Canada supports carbon pricing
Documents obtained from PCO outline country’s global strategy
Canada supports putting a price on carbon emissions as part of a global climate change strategy, say newly released records prepared at the highest levels of the federal government.
Documents obtained from the Privy Council Office and Environment Canada show that, despite the fact the Conservatives have repeatedly criticized the idea of a carbon tax and the NDP’s backing for such a scheme, the federal government has supported a different form of carbon pricing.
The Privy Council Office is the central department in the government that supports the prime minister’s office. The PCO documents, obtained under access-to-information, highlight calls from the World Bank for “putting a price on carbon for developed countries” and say “Canada could support other countries implementing this proposal.”
They also say: “Canada supports the development of new marketbased mechanisms that expand the scale and scope of carbon markets.”
The notes were prepared for the November 2011 G20 summit attended by Harper, one month before Canada announced plans to withdraw from the Kyoto Protocol, an international agreement with legally binding carbon-reduction targets. The PCO records also said that Canada wanted to expand markets that require polluters to pay and allow other companies to profit from deploying technologies or other methods to reduce emissions in the atmosphere.
The records from Environment Canada say that ‘well-designed environmental policy’ can support jobs and growth while avoiding ‘serious’ and ‘significant’ impacts.
The records from Environment Canada say that “well-designed environmental policy” can support jobs and growth while avoiding “serious” and “significant” impacts to health, safety and the economy. The records noted Canada, as the only country to fail in its Kyoto commitments, was facing mounting international pressure to demonstrate its own concrete actions to address climate change.

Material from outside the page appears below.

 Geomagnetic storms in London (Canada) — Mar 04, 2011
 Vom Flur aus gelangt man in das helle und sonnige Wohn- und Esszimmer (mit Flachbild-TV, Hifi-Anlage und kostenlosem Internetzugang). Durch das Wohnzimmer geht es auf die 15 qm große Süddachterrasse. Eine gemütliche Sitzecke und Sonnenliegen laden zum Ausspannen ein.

Harper’s office referred questions about both sets of records to Environment Minister Leona Aglukkaq, who said through a spokeswoman that the government does not support a carbon tax. The spokeswoman repeated a message the government has put out in the past: that an NDP climate change proposal from the last election to raise billions of dollars by auctioning off pollution permits as part of a market-based carbon pricing scheme was a tax on gas, groceries, electricity and everything else.

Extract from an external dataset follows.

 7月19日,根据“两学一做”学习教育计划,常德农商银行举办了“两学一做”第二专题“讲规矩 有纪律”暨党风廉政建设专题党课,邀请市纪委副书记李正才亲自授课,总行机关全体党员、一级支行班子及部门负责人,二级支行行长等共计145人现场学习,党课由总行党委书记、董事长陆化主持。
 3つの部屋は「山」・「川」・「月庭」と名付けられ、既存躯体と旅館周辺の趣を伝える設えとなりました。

All major federal political parties in Canada supported different forms of carbon pricing — either through a direct tax or a market-based system — in the 2008 federal election, but the Conservatives later decided to favour binding regulations in each industrial sector instead, because of the failure of the U.S. Congress to pass legislation creating a carbon market.
Several provinces, including Alberta, British Columbia and Quebec, have introduced or are implementing different forms of carbon pricing or direct taxes on greenhouse gas pollution.